DATA FOR THIS EXERCISE =>
╔══

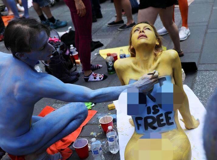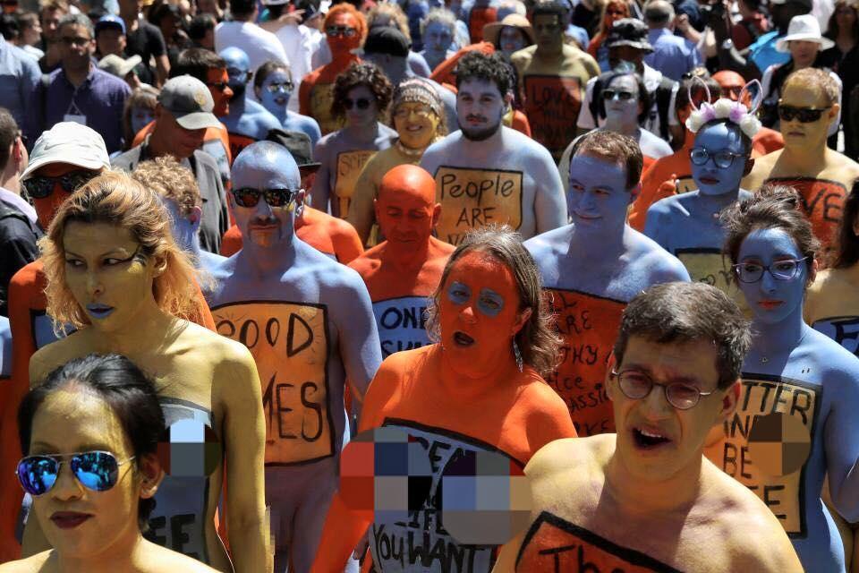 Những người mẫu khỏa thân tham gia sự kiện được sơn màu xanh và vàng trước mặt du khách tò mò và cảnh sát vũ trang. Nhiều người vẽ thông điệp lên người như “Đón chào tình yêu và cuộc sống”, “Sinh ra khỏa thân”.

╚══
╔══

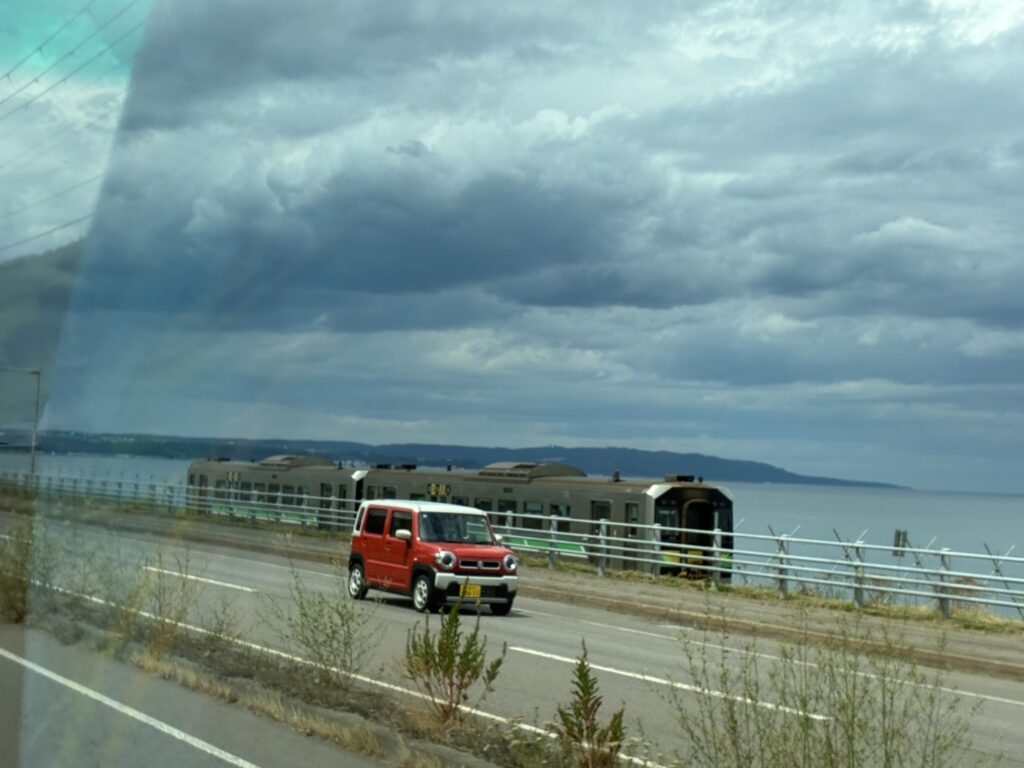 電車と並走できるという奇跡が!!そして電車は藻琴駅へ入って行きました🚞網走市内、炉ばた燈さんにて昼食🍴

╚══
╔══

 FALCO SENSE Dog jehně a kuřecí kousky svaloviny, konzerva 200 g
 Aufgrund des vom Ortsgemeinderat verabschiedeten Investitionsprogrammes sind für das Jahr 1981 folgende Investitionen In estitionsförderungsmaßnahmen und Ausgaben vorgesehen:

╚══

TASK ITEM => Both the line containing "FALCO SENSE Dog" and the line containing "Aufgrund des vom" belong in the answer. Print them and every line above that falls between them exactly, and no others.

ANSWER SPACE =>
 FALCO SENSE Dog jehně a kuřecí kousky svaloviny, konzerva 200 g
 Aufgrund des vom Ortsgemeinderat verabschiedeten Investitionsprogrammes sind für das Jahr 1981 folgende Investitionen In estitionsförderungsmaßnahmen und Ausgaben vorgesehen:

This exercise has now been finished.